In April last year, spirals of online research introduced me to the concept of feral fruit maps. I found a communal resource called ‘Fruit trees for picking Melbourne’, hosted on a website for urban hunter-gatherers looking for feral fruit: that is, fruit that falls outside the lines of a private property, usually by growing over or through fences, making it legal for the public to take. Most of the trees marked on the map were a suburb or two over from me, densely clustered around Sydney Road in Coburg, with some locations marked much further afield in Thomastown and Pakenham. I soon found a considerably larger public fruit map named Falling Fruit, spanning multiple continents with over a million marked locations. Yet again, I could only find a couple marked in my own suburb.
Both maps are either made with or hosted by Google’s My Maps feature, a participatory tool allowing users to mark destinations on a customisable template, with various options for keys and layers. I became excited at the prospect of creating my own fruit map, virtually plotting all my local neighbourhood trees to help cover the gaps.

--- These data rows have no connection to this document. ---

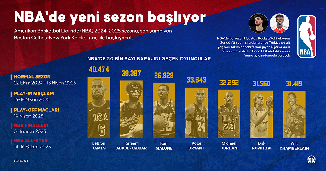 Amerikan Basketbol Ligi'nde (NBA) 2024-2025 sezonu, son şampiyon Boston Celtics-New York Knicks maçı ile başlayacak. (Grafik: Ufuk Celal Güzel/AA)
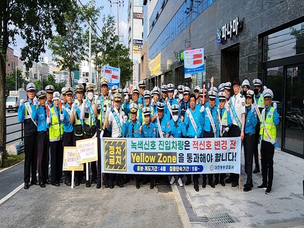 [제주교통복지신문 김강석 기자] 대전동부경찰서는 7일 오전 출근시간대 ‘옐로우 존’이 설치된 동구 판암네거리에서 교통경찰과 모범운전자 등 40여명이 꼬리물기 근절을 위한 캠페인을 실시했다
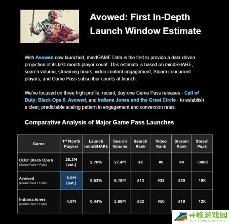 值得一提的是,概预测是根据Xbox Game Pass,Steam活跃玩家,游戏的搜索量,视频内容参与度等来源数据从而形成的预测。
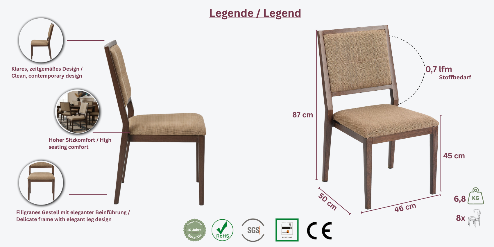 - Stapelbar: Der Stuhl ist stapelbar, was eine platzsparende Lagerung und einfache Handhabung ermöglicht.

I started by returning to and logging the ones I already knew. As I kept walking, and with my partner’s assistance, we found about 25 more trees of nine different kinds that met the feral fruit parameters, with additions like grapes and fuzzy pears. A few days later, we found twelve more. Quite quickly, I discovered the limits of my ability to identify infant fruit, like when it came to distinguishing between an unripe peach and an apricot. This required more research than first anticipated, on leaf shape and seasonal patterns—particularly when encountering something entirely new to us, like a kurrajong tree (eventually identified using Google Lens). After each trip, I transferred my notes to my personalised map, colour coded by category. Yet where the first stage of walking my neighbourhood, taking notice of, and researching different trees felt so lively and generative, the process of sorting my data, such as it was, left me much colder.
Where the first stage of walking my neighbourhood, taking notice of, and researching different trees felt so lively and generative, the process of sorting my data left me much colder.
To encounter a map is always to encounter a certain rendering of space, a particular application of knowledge. But every knowledge system has gaps, finds tension in the friction between a thing and its representation, what’s recorded and what’s excluded, the ghosts. Histories of Western cartographic navigation are inextricable from conquest and the definition of geopolitical borders. Official maps of modern Australia are almost always colonial constructions: they name, divide, and record as a tool to project a cohesive national identity; they present the illusion of objectivity while operating as instruments of power that erase the truth of First Nations sovereignty. As academic Simon Ryan has written, ‘maps do not reflect reality but produce it in a number of ways, and in so doing represent particular interests and create various realities.’ The idea of any fixed perspective casts objects into a static relationship relative to the viewer; a false, flattened worldview that nevertheless claims mastery over what it represents.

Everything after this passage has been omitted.